- **What needs to be done**
Your task is to transcribe all of the data below exactly, omitting the images.

***** Data to use

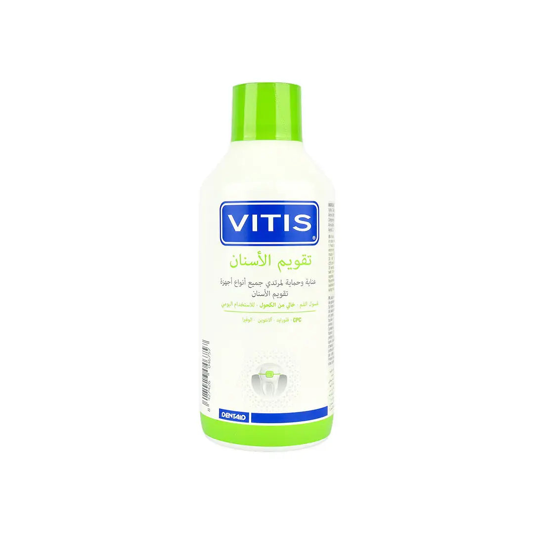 Indications For UseThe VITIS Orthodontic Mouthwash can be used daily to maintain a healthy mouth.Recommended for orthodontic appliance wearers.It can also be used by people who are prone to canker sores, sores and wounds.Suitable for patients with celiac disease.Apple mint flavour & alcohol free.Product CharacteristicsCetylpyridinium Chloride (CPC)A broad spectrum oral anti-septic with bactericidal and bacteriostatic effects.Reduces dental bio-film formation by eliminating bacteria 1Active against pro-inflammatory toxins released by bacteria, thereby preventing gingivitis.Fluoride (226 ppm)Prevents caries by increasing enamels resistance to demineralisation and by increasing remineralisation of initial lesions.Reduces acid production and prevents decrease in pH.Anti-bacterial effect reduces oral bio-film.AllantoinStimulates cell proliferation, helping to produce rapid tissue regeneration of damaged tissues.Protects and exerts an anti-irritant effect on oral mucosa.Aloe VeraPromotes healthy gums and healing of small lesions 2Anti-inflammatory with hydrating properties.
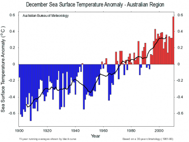 December sea surface temperature departures from average, from 1900 to 2010. Credit: Australian Bureau of Meteorology.
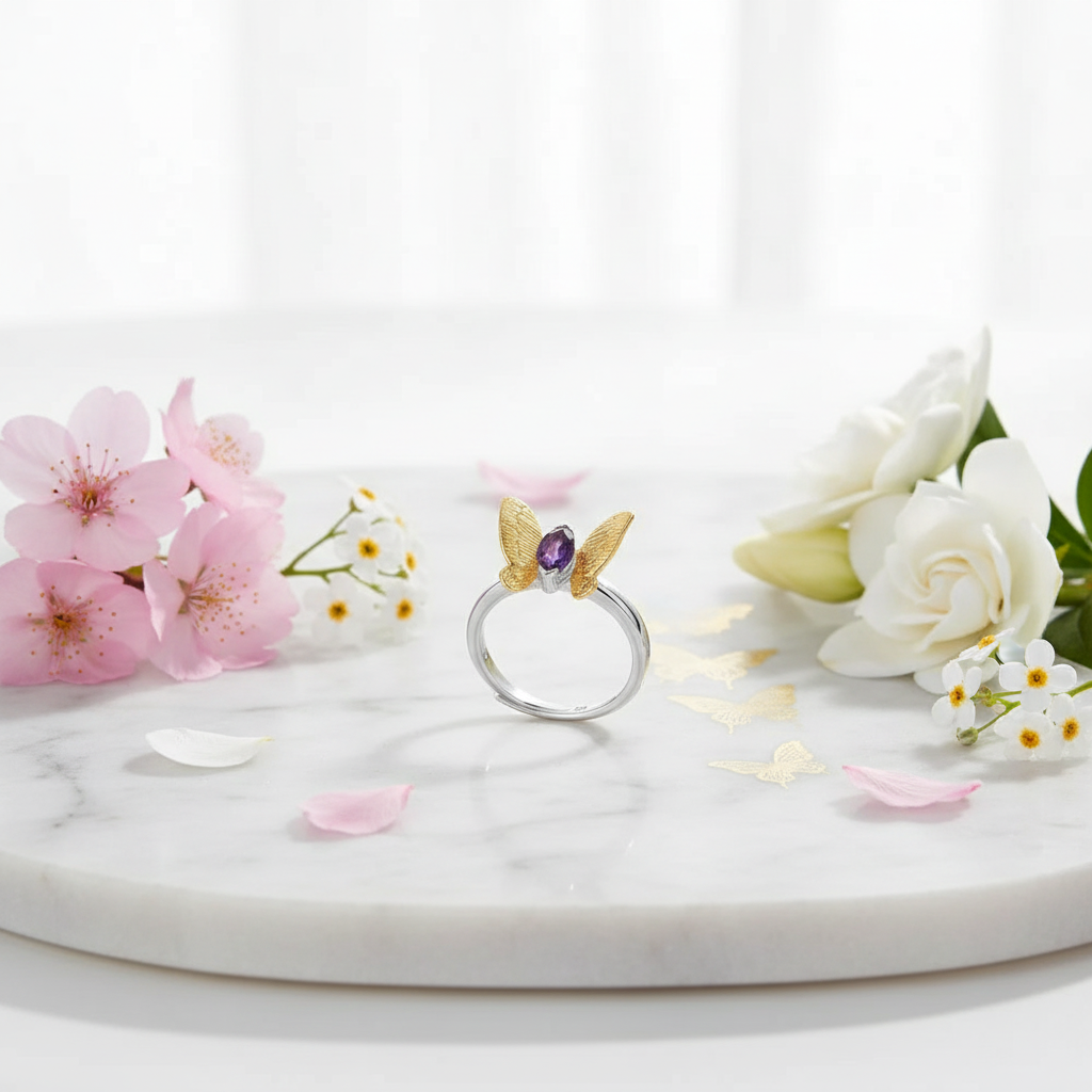 GRACE Amethyst Gold Butterfly Adjustable Ring in Sterling Silver
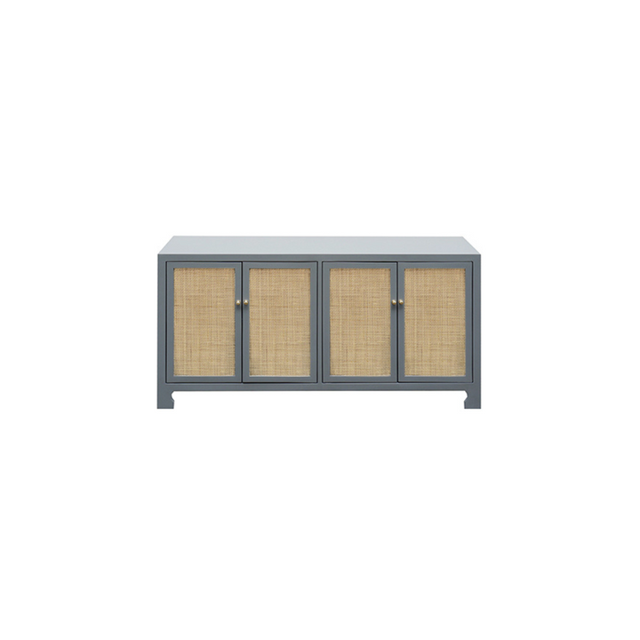 The Williams Sideboard blends British West Indies style with modern design, featuring natural hand-woven caning set against a matte grey finish. Its adjustable shelves offer versatile storage, making it ideal for both coastal retreats and urban lofts. This piece delivers understated sophistication and functional elegance to any interior.
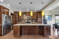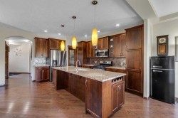 126 Tuscany Summit Heath NW – Where Nature Meets Refined Living. Perched in the heart of one of Calgary’s most sought-after communities, this remarkable home offers more than 3,200 sq. ft. of thoughtfully designed living space, blending comfort and sophistication with the tranquility of nature. Set on a 35’ x 117’ lot, the property backs directly onto a scenic ravine with a pathway and park, providing both privacy and a stunning backdrop year-round. Step inside to a welcoming foyer with a custom built-in closet that opens to a bright front office—perfect for today’s work-from-home lifestyle. The main living area impresses with its warm, traditional gas fireplace and oversized windows that frame serene views of the ravine. The kitchen features rich shaker-style cabinetry, granite countertops, a gas stove, microwave hood fan, and a central island with breakfast bar, making it the heart of the home for both casual meals and lively entertaining. Upstairs, retreat to a spacious primary suite complete with a walk-in closet and a five-piece ensuite showcasing granite counters and a corner soaker tub. Two additional bedrooms, a full bath, a large bonus room (currently used as a bedroom), and a convenient laundry room complete the upper level. The fully finished walkout basement—with 9-foot ceilings—extends the living space and includes a fourth bedroom with laundry, a three-piece bath, second laundry, wet bar, and electric baseboard heating, offering flexibility for guests, extended family, or an independent living setup. Step outside to a large deck with stairs leading to a landscaped backyard that opens directly to the ravine pathway. Built-in speaker system in the main floor, bonus room, ensuite and rear deck. Whether it’s morning walks, evening strolls, or family playtime at the park, this setting truly brings outdoor living to your doorstep. Located in vibrant Tuscany, residents enjoy close proximity to schools, shopping, transit, and major routes including Stoney Trail and Crowchild Trail. This is more than a home—it’s a lifestyle opportunity rarely available.
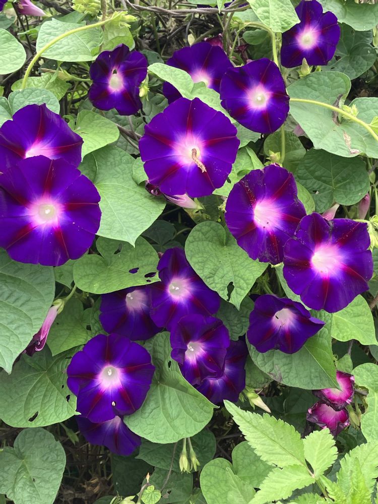 濃い紫🟣🟣🟣の朝顔さん、まだこんなに咲いてるのですね〜ステキです〜💜💜💜💜🌿💜💜💜💜🌿💜💜💜🌿
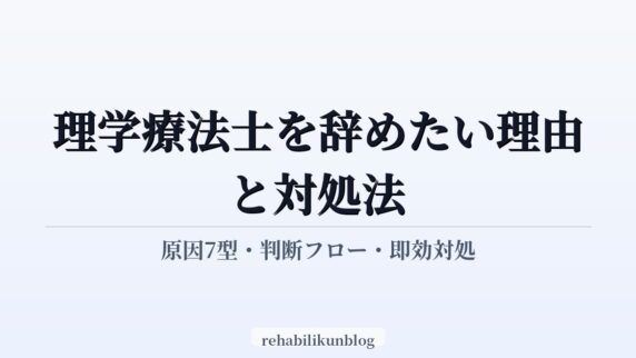 キャリア 理学療法士を辞めたい理由と対処法 “辞めたい”の原因を7型に整理し、48時間の即効対処と1–3ヵ月の中期策、配置転換や転職の判断フローまで実務目線で解説。部署別の忙しさマップとモデル日課も掲載。 2025.10.23 キャリア

**********

- **Answer for the task**
 Indications For UseThe VITIS Orthodontic Mouthwash can be used daily to maintain a healthy mouth.Recommended for orthodontic appliance wearers.It can also be used by people who are prone to canker sores, sores and wounds.Suitable for patients with celiac disease.Apple mint flavour & alcohol free.Product CharacteristicsCetylpyridinium Chloride (CPC)A broad spectrum oral anti-septic with bactericidal and bacteriostatic effects.Reduces dental bio-film formation by eliminating bacteria 1Active against pro-inflammatory toxins released by bacteria, thereby preventing gingivitis.Fluoride (226 ppm)Prevents caries by increasing enamels resistance to demineralisation and by increasing remineralisation of initial lesions.Reduces acid production and prevents decrease in pH.Anti-bacterial effect reduces oral bio-film.AllantoinStimulates cell proliferation, helping to produce rapid tissue regeneration of damaged tissues.Protects and exerts an anti-irritant effect on oral mucosa.Aloe VeraPromotes healthy gums and healing of small lesions 2Anti-inflammatory with hydrating properties.
 December sea surface temperature departures from average, from 1900 to 2010. Credit: Australian Bureau of Meteorology.
 GRACE Amethyst Gold Butterfly Adjustable Ring in Sterling Silver
 The Williams Sideboard blends British West Indies style with modern design, featuring natural hand-woven caning set against a matte grey finish. Its adjustable shelves offer versatile storage, making it ideal for both coastal retreats and urban lofts. This piece delivers understated sophistication and functional elegance to any interior.
 126 Tuscany Summit Heath NW – Where Nature Meets Refined Living. Perched in the heart of one of Calgary’s most sought-after communities, this remarkable home offers more than 3,200 sq. ft. of thoughtfully designed living space, blending comfort and sophistication with the tranquility of nature. Set on a 35’ x 117’ lot, the property backs directly onto a scenic ravine with a pathway and park, providing both privacy and a stunning backdrop year-round. Step inside to a welcoming foyer with a custom built-in closet that opens to a bright front office—perfect for today’s work-from-home lifestyle. The main living area impresses with its warm, traditional gas fireplace and oversized windows that frame serene views of the ravine. The kitchen features rich shaker-style cabinetry, granite countertops, a gas stove, microwave hood fan, and a central island with breakfast bar, making it the heart of the home for both casual meals and lively entertaining. Upstairs, retreat to a spacious primary suite complete with a walk-in closet and a five-piece ensuite showcasing granite counters and a corner soaker tub. Two additional bedrooms, a full bath, a large bonus room (currently used as a bedroom), and a convenient laundry room complete the upper level. The fully finished walkout basement—with 9-foot ceilings—extends the living space and includes a fourth bedroom with laundry, a three-piece bath, second laundry, wet bar, and electric baseboard heating, offering flexibility for guests, extended family, or an independent living setup. Step outside to a large deck with stairs leading to a landscaped backyard that opens directly to the ravine pathway. Built-in speaker system in the main floor, bonus room, ensuite and rear deck. Whether it’s morning walks, evening strolls, or family playtime at the park, this setting truly brings outdoor living to your doorstep. Located in vibrant Tuscany, residents enjoy close proximity to schools, shopping, transit, and major routes including Stoney Trail and Crowchild Trail. This is more than a home—it’s a lifestyle opportunity rarely available.
 濃い紫🟣🟣🟣の朝顔さん、まだこんなに咲いてるのですね〜ステキです〜💜💜💜💜🌿💜💜💜💜🌿💜💜💜🌿
 キャリア 理学療法士を辞めたい理由と対処法 “辞めたい”の原因を7型に整理し、48時間の即効対処と1–3ヵ月の中期策、配置転換や転職の判断フローまで実務目線で解説。部署別の忙しさマップとモデル日課も掲載。 2025.10.23 キャリア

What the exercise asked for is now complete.